Has anybody seen a proof for $$ (n+1)^{n-1}=\frac{1}{2^n}\sum_{k=0}^n C_n^k(2k+1)^{k-1}(2(n-k)+1)^{n-k-1} ? $$ There are lots of reasons to think that this is true. In particular the formula holds for $n=0,1,2,3,4,5$.

Answer 1

A (not straight) proof.

Using Bürmann-Lagrange formula we expand the regular at $z=0$ solution $w(z)$ of the equation $w=ze^{aw^2}$ as the following series $$ w(z)=\sum_{n=0}^{\infty}\frac{a^n(2n+1)^{n-1}} {n!}z^{2n+1} $$ (see problem 26.07 in СБОРНИК ЗАДАЧ ПО ТЕОРИИ АНАЛИТИЧЕСКИХ ФУНКЦИЙ, Под редакцией М. А ЕВГРАФОВА (Russian), -- any other reference - for this particular expansion, not for Bürmann-Lagrange formula - will be greatly appreciated). Using Cauchy formulas for the coefficients of the series products, we get from this expansion $$ w^2=\sum_{n=0}^{\infty}\frac{a^{n}} {n!}z^{2n+2} \sum_{k=0}^{n}C_n^k(2k+1)^{k-1}(2(n-k)+1)^{n-k-1}. $$ On the other hand, since $w^2=z^2e^{2aw^2}$, applying the expansion in the problem 26.06 (from the same problem-book), we get that $$ w^2=\sum_{n=0}^{\infty}\frac{a^{n}2^n(n+1)^{n-1}} {n!}z^{2n+2}. $$ Equating to each other the coefficients for $z^{2n+2}$ in both series we obtain the desired equality.

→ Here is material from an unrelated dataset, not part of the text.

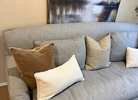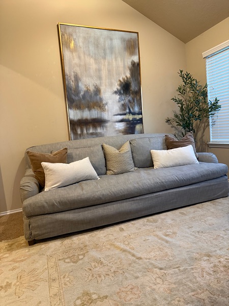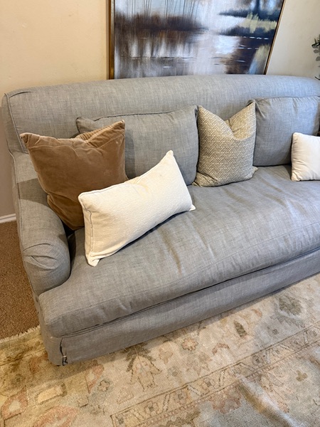 This is the “English Roll Arm” collection from RH. It’s in great condition. Normal wear. No rips or stains. All covers are washable. Cushions are down which makes it super comfortable. Bench seats that fits up to 3 people comfortably. Beautiful neutral color. I don’t know the exact name of it but looks more blueish gray.

The first mentioned problem 26.07 is for any $m\geq1$ and states that the regular at $z=0$ solution $w(z)$ of the equation $w=ze^{aw^m}$ has the expansion $$ w(z)=\sum_{n=0}^{\infty}\frac{a^n(mn+1)^{n-1}} {n!}z^{mn+1} $$ (above we have used it only for the value $m=2$).

Based on the same two mentioned problems, the formula can be generalized for any $m\in\Bbb{N}$ as follows.

Let $\alpha_k^{n}\in\Bbb{N}\cup\{0\}; \;\; 0\leq\alpha_k^{n}\leq n; \;\; 0\leq k\leq m.$ Denote by $A_{m}^{n}: =\{\alpha_1^{n},\alpha_2^{n},\ldots,\alpha_m^{n}\}$ an $n$-tuple of such numbers such that $\sum_{k=0}^m\alpha_k^{n}=n$. Further denote by $ (A_{m}^{n})!:=\alpha_1^{n}!\alpha_2^{n}!\cdots \alpha_m^{n}!$, and by $ C_n^{A_{m}^{n}}:=\binom{{n}}{A_m^n} := \frac{n!}{(A_{m}^{n})!}.$ Then, \begin{gather*} \boxed{\quad(n+1)^{n-1}=\frac{1}{m^n} \sum_{A_{m}^{n}} C_n^{A_{m}^{n}} (m\alpha_1^{n}+1)^{\alpha_1^{n}-1} \cdots (m\alpha_m^{n}+1)^{\alpha_m^{n}-1}\quad}. \end{gather*}

Answer 2

This is a particular case (for $x = 1$, $y = 1$ and $z = -2$) of the following result:

Let $n$ be a nonnegative integer. In the polynomial ring $\mathbb{Z}\left[ x,y,z\right] $, we have $$ \sum\limits_{k=0}^{n}\dbinom{n}{k}xy\left( x-kz\right) ^{k-1}\left( y-\left( n-k\right) z\right) ^{n-k-1}=\left( x+y\right) \left( x+y-nz\right) ^{n-1}. $$

This result is Theorem 2 in MathOverflow post #273459 (where I derive it from the famous Abel identity).